**Task directions:**
Produce a verbatim copy of the records, and keep the images out of it.

Top of Data provided

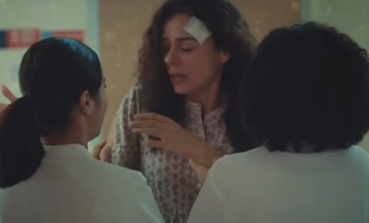 Frente a ella, Sarp yace. La imagen es de una fragilidad estremecedora. Inconsciente, casi ausente, su cuerpo inmóvil transmite la aterradora sensación de que la vida se le escapa de las manos, lenta e imperceptiblemente, como la marea que retrocede en una playa desierta. Cada respiración superficial, cada leve movimiento de su pecho, se convierte en una cuenta atrás agónica. Bahar, en un gesto de desesperación pura, aferra sus manos con una fuerza que revela el pánico que la atenaza. Es el miedo visceral a que, al soltarlo, él desaparezca para siempre, dejando un vacío insondable.
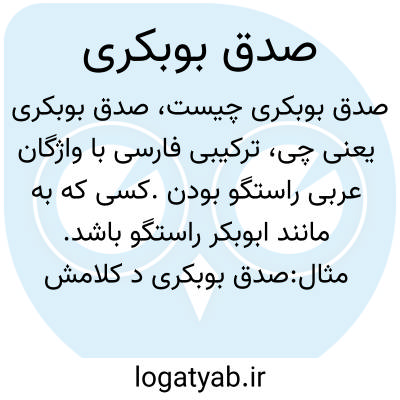 مثال:صدق بوبکری د کلامشَ: در سخنانش راستگواست به مانند ابوبکر.
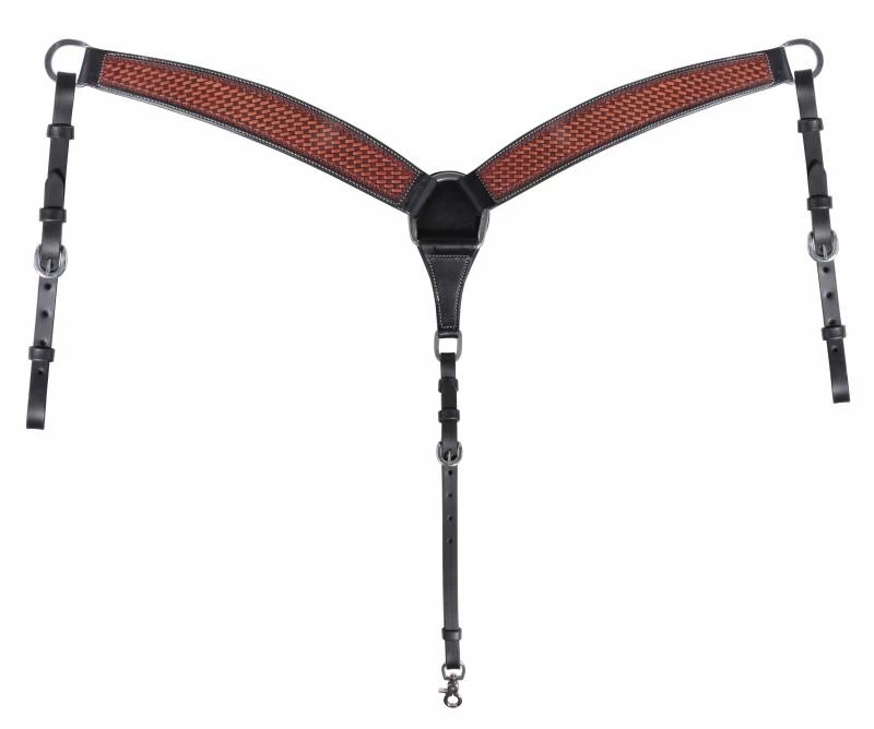 This versatile collection will be at home in almost every discipline. Hand tooled chestnut brown with a black border.
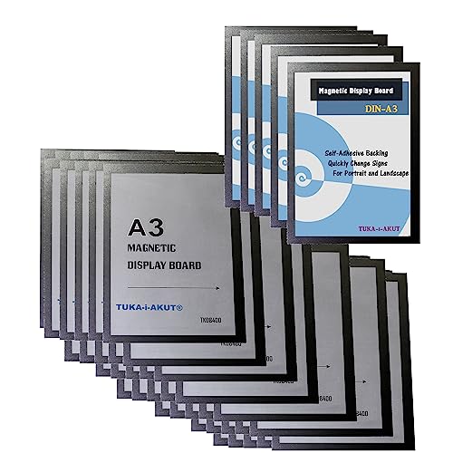 TUKA-i-AKUT 50 st magnetisk visningsram i A3 med självhäftande baksida, dokumenthylsor, magnetisk ram, självhäftande för POS, skylt, meddelanden, foton. Snabbinbyte, svart färg TKD8400-A3-50x
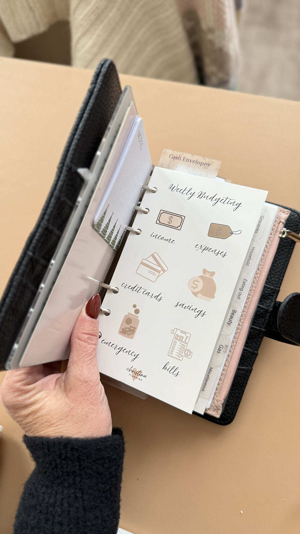 • Weekly Budgeting Dashboard – a simple space to review income, expenses, and cash envelopes

Bottom of Data provided

**Task result:**
 Frente a ella, Sarp yace. La imagen es de una fragilidad estremecedora. Inconsciente, casi ausente, su cuerpo inmóvil transmite la aterradora sensación de que la vida se le escapa de las manos, lenta e imperceptiblemente, como la marea que retrocede en una playa desierta. Cada respiración superficial, cada leve movimiento de su pecho, se convierte en una cuenta atrás agónica. Bahar, en un gesto de desesperación pura, aferra sus manos con una fuerza que revela el pánico que la atenaza. Es el miedo visceral a que, al soltarlo, él desaparezca para siempre, dejando un vacío insondable.
 مثال:صدق بوبکری د کلامشَ: در سخنانش راستگواست به مانند ابوبکر.
 This versatile collection will be at home in almost every discipline. Hand tooled chestnut brown with a black border.
 TUKA-i-AKUT 50 st magnetisk visningsram i A3 med självhäftande baksida, dokumenthylsor, magnetisk ram, självhäftande för POS, skylt, meddelanden, foton. Snabbinbyte, svart färg TKD8400-A3-50x
 • Weekly Budgeting Dashboard – a simple space to review income, expenses, and cash envelopes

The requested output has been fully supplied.